There is, for the theistic evolutionist, evil in the world because life demands it. Augustine answered to Epicurus by saying that Epicurus had ignored the benefits of suffering in the world. Indeed, Augustine’s answer is crucial to Catholic theology; it is the idea that one must die in some symbolic way (perhaps to materialism,) in order to be “reborn in Christ.” That’s not the precise wording of Augustine, but it was the thrust of several of the youth “Teens Encounter Christ” retreats I joined when I was in my teens. It’s also illustrative of the myth of Jesus’ death and reincarnation. He died to give us the chance for new life in him. Rather than dying cruelly to be reborn, we only need to accept his sacrifice; like the grain of wheat that must “die” and be buried in order to give life to a new wheat stalk. (John 12:24.)
I have been reading a new article by Jerry Coyne in The New Republic, which is a dual book review. In the best tradition of literary criticism Coyne does far more than give a thumbs up or thumbs down of the books he has read. He is also approaching his understanding of the concepts of the books.
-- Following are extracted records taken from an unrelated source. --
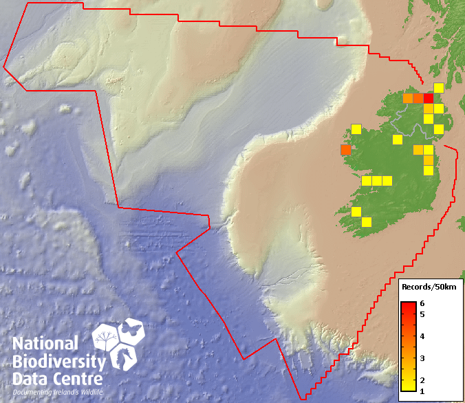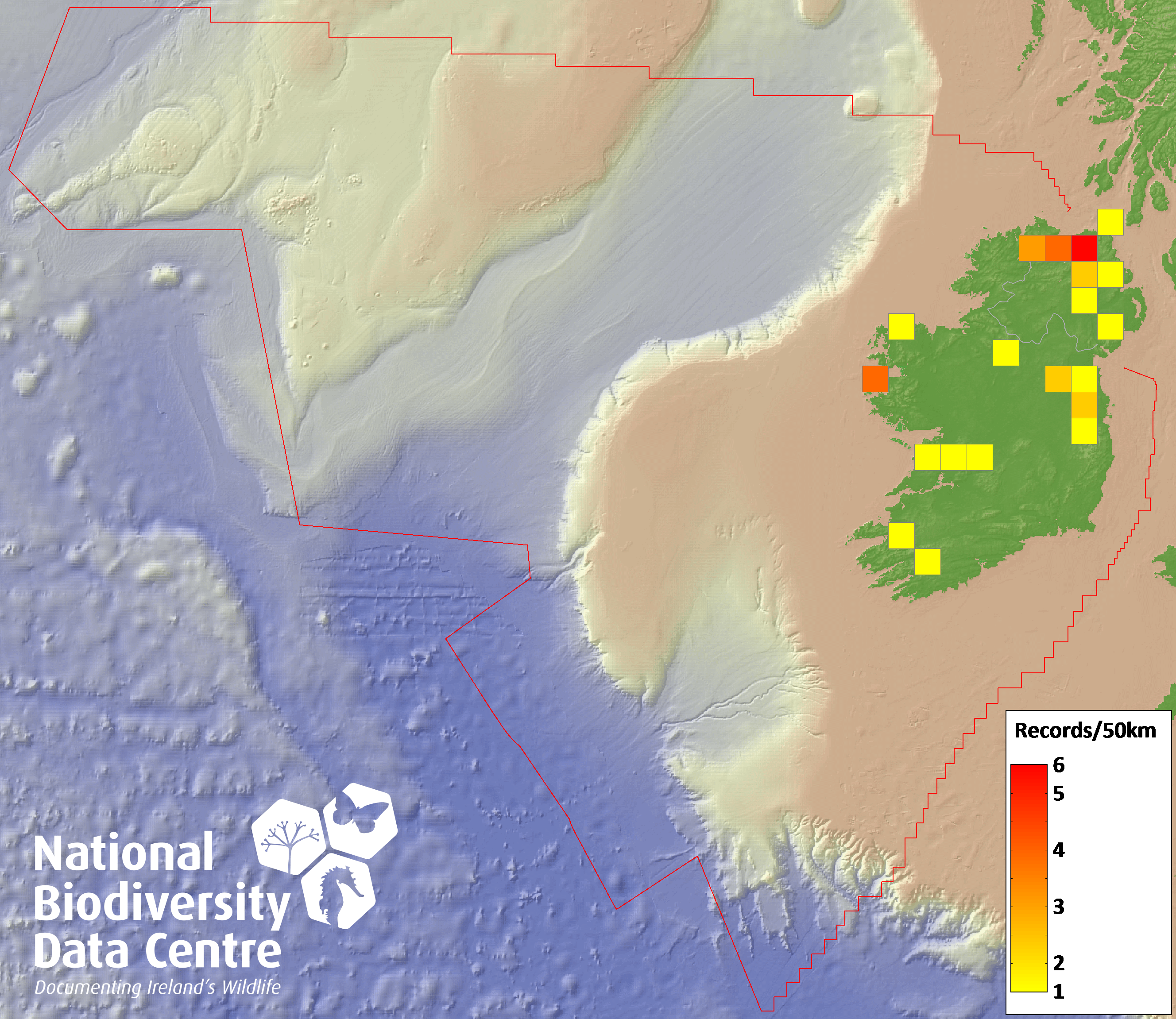 Distribution of the number of records recorded within each 10km grid square (ITM).Marine Map - 50km
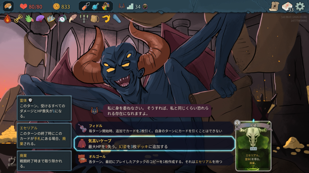 「フィドル」は、デッキにドローソースも含まれているため、「自身のターンにカードを引くことはできない」のデメリットが大きいため今回は無しですね。「オルゴール」は、シナジーの強いアタックが特にないため無し。「気高いケープ」はターン中の被ダメを1に軽減する「幻姿」をデッキに3枚追加と非常に強力なうえ、デメリットが「最大HPを9失う。」と軽すぎるのでこれを選択。
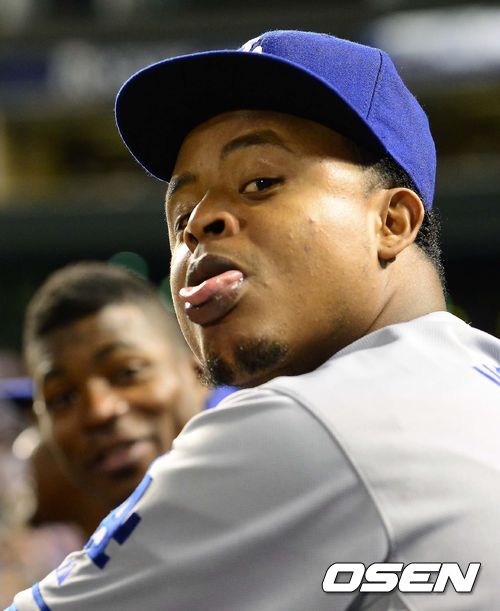 4일 (이하 한국시간) 미국 콜로라도주 덴버 쿠어스 필드에서 열린 2013 메이저리그 콜로라도 로키스와 LA 다저스의 경기, 덕아웃에서 내일 경기에 선발 등판하는 다저스의 볼케스가 취재진을 향해 메롱을 하고 있다.
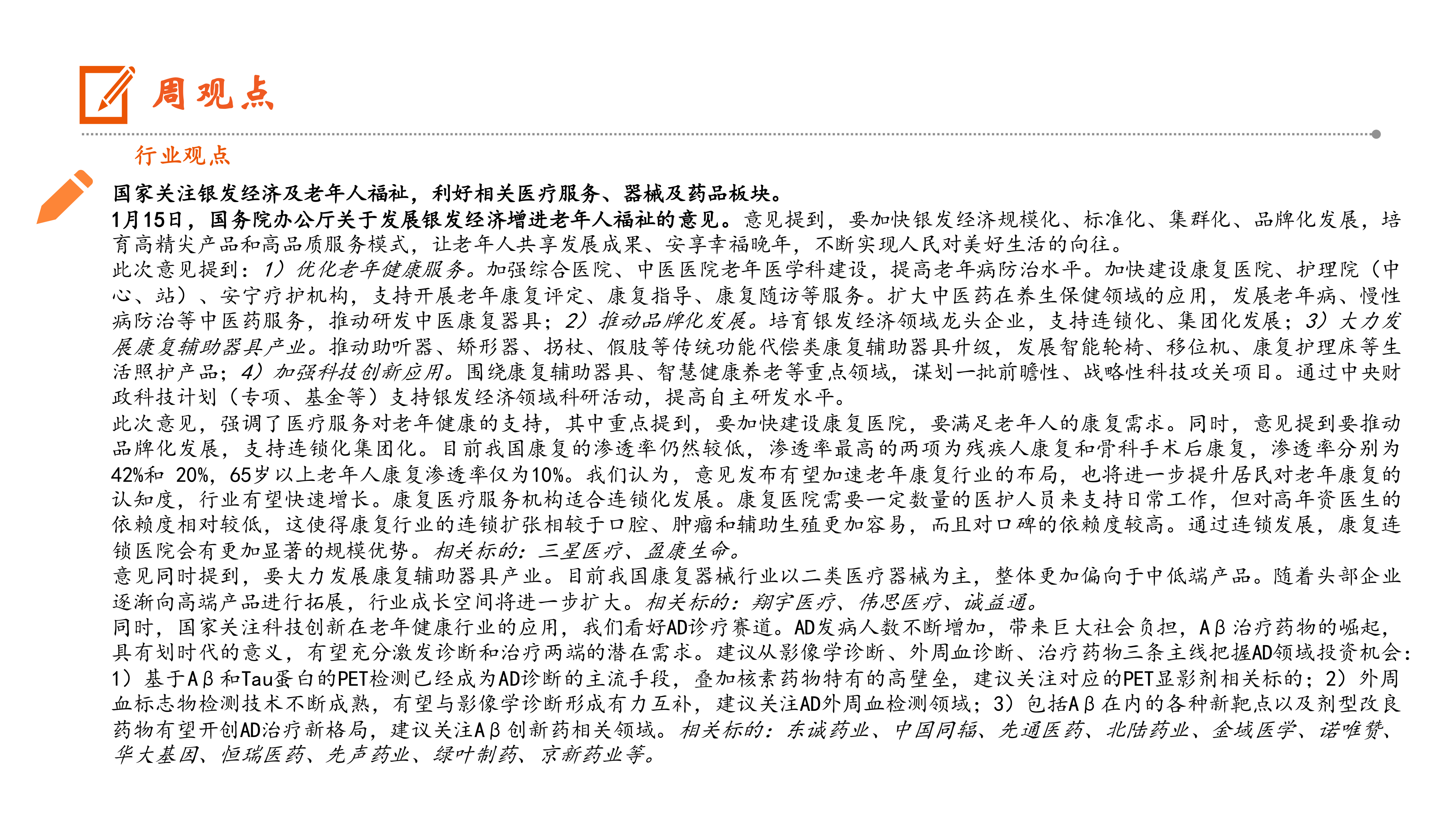 国家关注银发经济及老年人福祉,利好相关医疗服务、器械及药品板块。
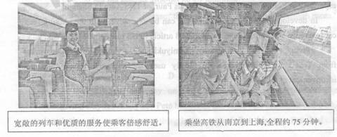 上海至南京的城际高铁(the intercity high-speed train)于2010年7月1日开通。请您简要描述以下两张图片的内容。列举人们对高铁开通的不同看法(至少两点),并谈一谈您的个人观点。文章的开头已给出。

In this case he reviews these books (c -and p because I am getting exhausted and don’t want to create footnotes:)
Saving Darwin: How to be a Christian and Believe in Evolution
By Karl W. Giberson
(HarperOne, 248 pp., $24.95)Only A Theory: Evolution and the Battle for America’s Soul
By Kenneth R. Miller
(Viking, 244 pp., $25.95)
Coyne says that both books miss the mark on Science-Religion and looks to Gould for help, but even the Non-Overlapping Magisteria are not helpful becaue the NOMA only says that each science and religion should ignore each other.
As Alden said in response to Anastasia’s post , “..because, for Theists, there are no purely secular events.” Perhaps for theists, there can be no secular science.
The observable world makes so much more sense without using God as any explanation. Coyne relates the story of Napoleon and LaPlace:
Scientists do indeed rely on materialistic explanations of nature, but it is important to understand that this is not an a priori philosophical commitment. It is, rather, the best research strategy that has evolved from our long-standing experience with nature. There was a time when God was a part of science. Newton thought that his research on physics helped clarify God’s celestial plan. So did Linnaeus, the Swedish botanist who devised our current scheme for organizing species. But over centuries of research we have learned that the idea “God did it” has never advanced our understanding of nature an iota, and that is why we abandoned it. In the early 1800s, the French mathematician Laplace presented Napoleon with a copy of his great five-volume work on the solar system, the Mechanique Celeste. Aware that the books contained no mention of God, Napoleon taunted him, “Monsieur Laplace, they tell me you have written this large book on the system of the universe, and have never even mentioned its Creator.” Laplace answered, famously and brusquely: “Je n’avais pas besoin de cette hypothese-la,” “I have had no need of that hypothesis.” And scientists have not needed it since.
Certain dispensers of modernism would do well to remember that science does not exist to displace the need for an active creator. It just happens to work out that way.
This is, after all, a finely-tuned universe.